To verify the effectiveness and stability of the ALI-CHoASH algorithm. In this section, the Wilcoxon rank sum test is used to confirm whether there is a significant difference in the running results between this algorithm and other algorithms. Therefore, the results of 9 algorithms tested independently 30 times on 16 test data are taken as samples. \(p < 5\%\) indicates significant variability between the two algorithms compared. When \(p \ge 5\%\), it suggests that the optimality finding results of the two algorithms under comparison are the same. The comparison of ALI-CHoASH with CHoA, SCHoA, GMPBSA, SMA, GWO, BES, HHO and SSA is denoted as P1, P2, P3, P4, P5, P6, P7, and P8, respectively. Table 11 compares ALI-CHoASH with CHoA, SCHoA, GMPBSA, and SMA under 16 test data sets.
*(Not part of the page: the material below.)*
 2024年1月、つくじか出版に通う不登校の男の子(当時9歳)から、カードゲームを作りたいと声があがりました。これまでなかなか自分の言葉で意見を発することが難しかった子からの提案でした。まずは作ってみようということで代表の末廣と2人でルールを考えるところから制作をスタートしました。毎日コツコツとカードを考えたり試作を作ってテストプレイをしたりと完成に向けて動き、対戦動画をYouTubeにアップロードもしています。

GWO, BES, HHO and SSA values were calculated in the rank sum test. As can be seen from the analysis in Table 11, the values are much less than 5% in the vast majority of the test datasets. Among them, on the Zoo dataset, the results of the ALI-CHoASH and SSA algorithms for finding the best are the same on the whole. On the DLBCL dataset, the optimization results of ALI-CHoASH and GWO algorithms are the same overall. On the Leukemia_1 dataset, the optimization results of the ALI-CHoASH and SMA algorithms are the same general.

Table 11 Results of Wilcoxon rank sum test.
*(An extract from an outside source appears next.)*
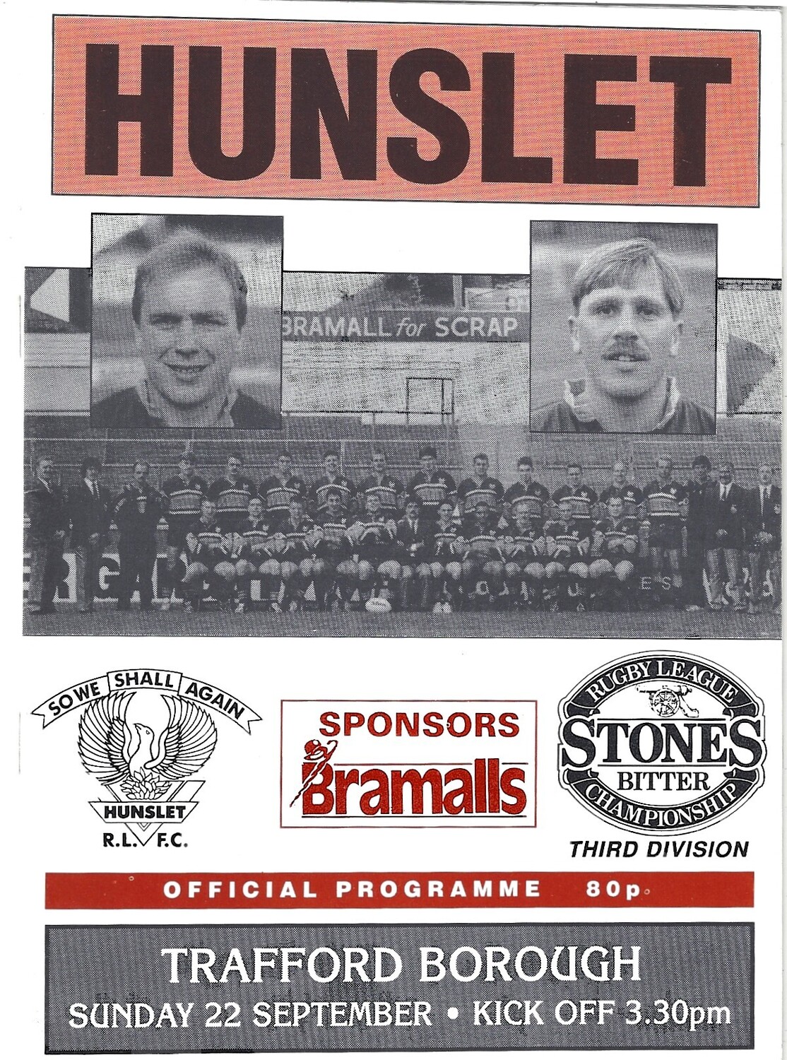1991/92 Hunslet v Trafford Borough Rugby League programme

Table 11 shows an overall significant difference between ALI−CHoASH and the other eight algorithms, thus indicating that ALI-CHoASH possesses better effectiveness than the different algorithms.

Conclusion

The presence of irrelevant and redundant features in high-dimensional data increases the machine learning model’s time and space complexity, thus seriously affecting the accuracy and operational efficiency. The traditional chimpanzee optimization algorithm is prone to problems such as slow convergence speed and low optimization search accuracy, leading to the inability to remove irrelevant and redundant features effectively. To balance the ability of local exploration and global exploitation and avoid local optimality. In this paper, we conduct an in-depth study of the chimp population hierarchy, propose the enhanced chimp hierarchy optimization algorithm for adaptive lens imaging (ALI-CHoASH), and incorporate this algorithm into the feature selection algorithm. The following conclusions are drawn by combining the exploration and exploitation capacity percentage, classification accuracy, average optimal fitness value and optimal fitness value:

  • Individual chimp inter-somatic relationships were optimized by designing a chimp social hierarchy. The social hierarchy factor was used to control the hunting patterns of chimp groups and adjust the balance between local exploration and global exploitation, guiding individual chimps to search more broadly within their social hierarchy.

  • In the late iteration, due to the decline of population diversity, the traditional CHoA algorithm can easily fall into the local optimum. The position of individual chimps is optimised using the oppositional learning strategy of adaptive lens imaging, which improves the ability to jump out of the local optimum solution in the late iteration.

  • Comparison test experiments regarding exploration and exploitation capacity percentage, classification accuracy and optimal fitness value show that the ALI-CHoASH algorithm has a better convergence effect and optimisation accuracy, proving that the improvement strategy proposed in this paper is effective.

In conclusion, ALI-CHoASH has some advantages in addressing feature selection. However, it still has shortcomings in reducing the feature dimensions of datasets such as Isolet, Leukemia_1 and 9_Tumor. Therefore, in future work, how to optimize the chimpanzee social hierarchy and hunting patterns, refine the classification optimization ability of ALI-CHoASH, and improve the classification effect of the algorithm on higher feature dimensions will be the main focus of future research.